> [EXERCISE INSTRUCTIONS]: Extract the lines from the first one in the records below through the line containing "The red of the", keeping both ends and leaving out any pictures.

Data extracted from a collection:
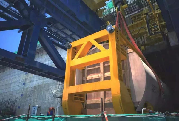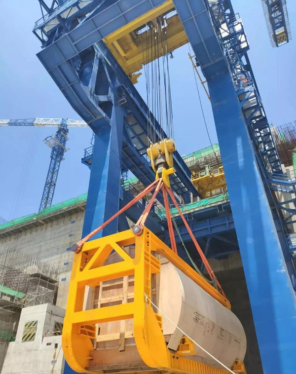上午11时左右,伴随着龙门吊的启动鸣笛,反应堆堆内构件开始从0米地面缓缓起吊,提升至16.5米平台,随后通过中国核动力研究设计院自主研发、为华龙一号量身定制的主设备弯道运输用重载车及驱动装置,将堆内构件从龙门架弯道运输引入反应堆厂房,并在反应堆厂房内翻转竖立。至31日,现场吊装工作顺利完成。
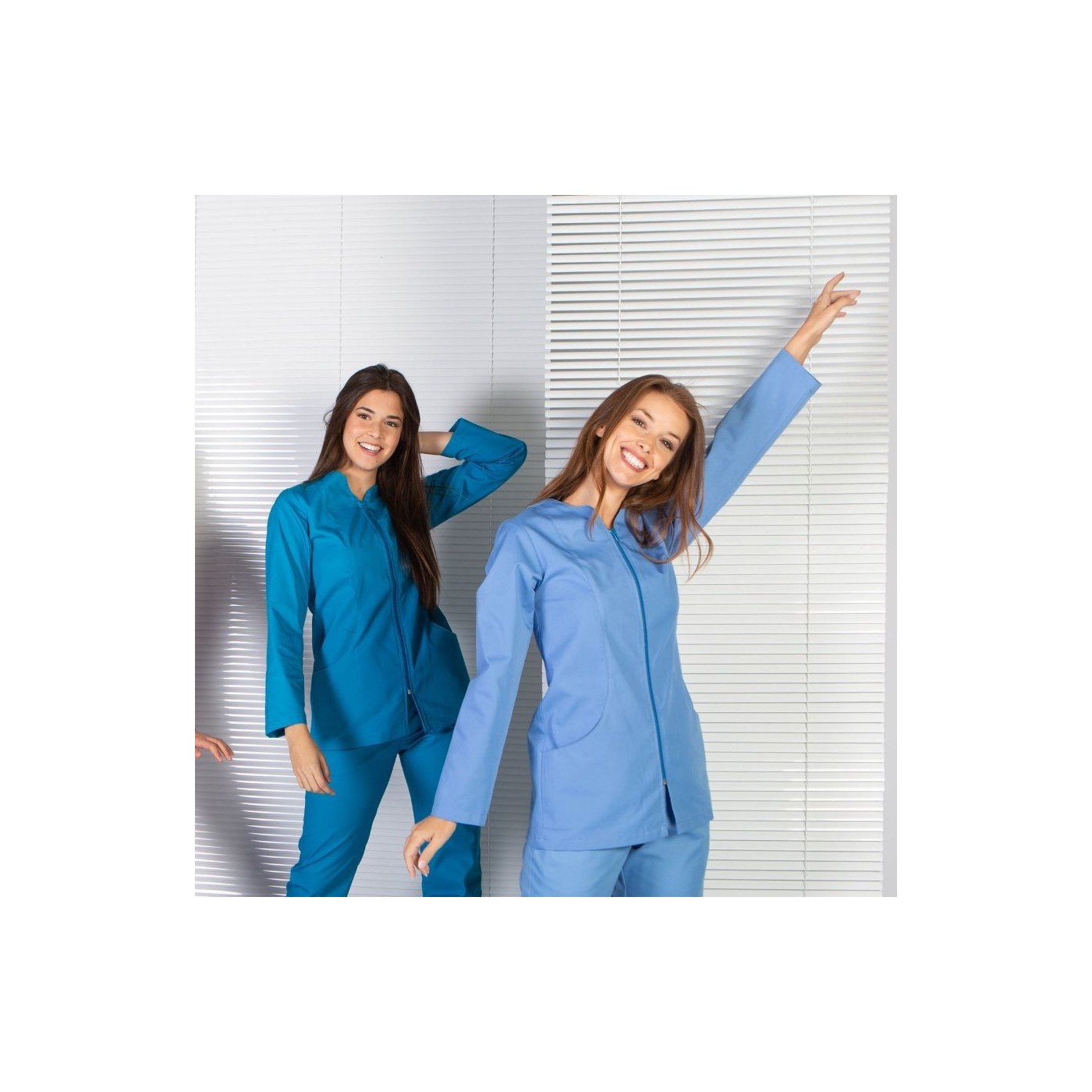 La blusa sanitaria SICILIA de manga larga ofrece estilo y comodidad con su cremallera central, bolsillos laterales y ajuste semi entallado. Confeccionada en resistente tejido de sarga, es perfecta para profesionales de la salud que buscan funcionalidad y elegancia.
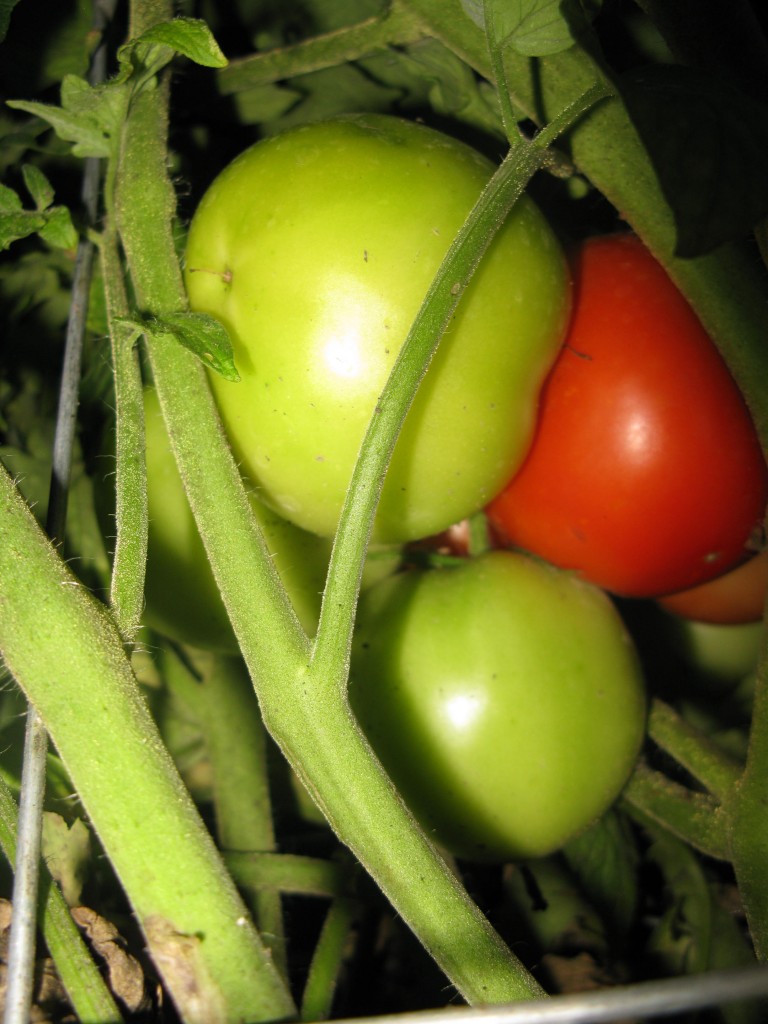The red of the tomato stands boldly against the green vines and the still-green flesh of the tomatoes surrounding it.  My seven-year-old is lured by the red luster and motions for me to help her tug it from the vine.
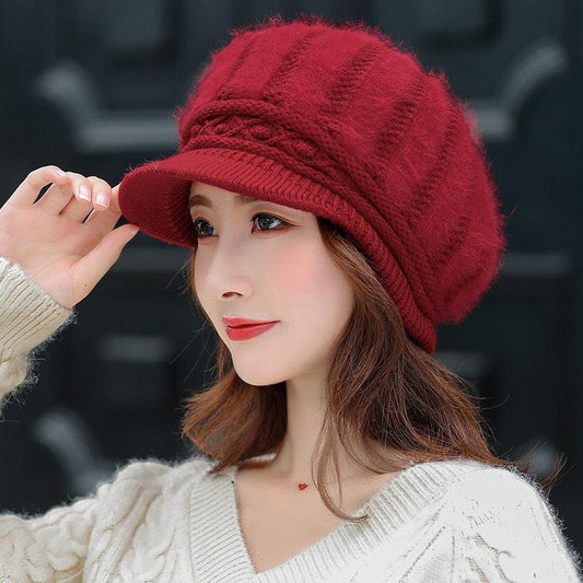 Women'S Winter New Thick Knit Hat - Rabbit Fur Blend Autumn Solid Warm Beanie
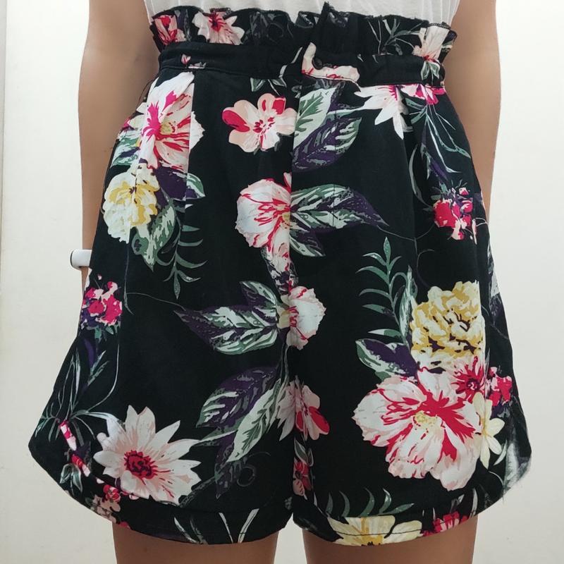 Шортики, принт цветочка,размер по бирочке l,але сядет и на m,на s (быта как на фото), резиночке(ром в талии будут хороши), спереди на огурелье и замочек, высокая посадка, по бокам есть небольшие кармашки.

> [YOUR SOLUTION]:
上午11时左右,伴随着龙门吊的启动鸣笛,反应堆堆内构件开始从0米地面缓缓起吊,提升至16.5米平台,随后通过中国核动力研究设计院自主研发、为华龙一号量身定制的主设备弯道运输用重载车及驱动装置,将堆内构件从龙门架弯道运输引入反应堆厂房,并在反应堆厂房内翻转竖立。至31日,现场吊装工作顺利完成。
 La blusa sanitaria SICILIA de manga larga ofrece estilo y comodidad con su cremallera central, bolsillos laterales y ajuste semi entallado. Confeccionada en resistente tejido de sarga, es perfecta para profesionales de la salud que buscan funcionalidad y elegancia.
The red of the tomato stands boldly against the green vines and the still-green flesh of the tomatoes surrounding it.  My seven-year-old is lured by the red luster and motions for me to help her tug it from the vine.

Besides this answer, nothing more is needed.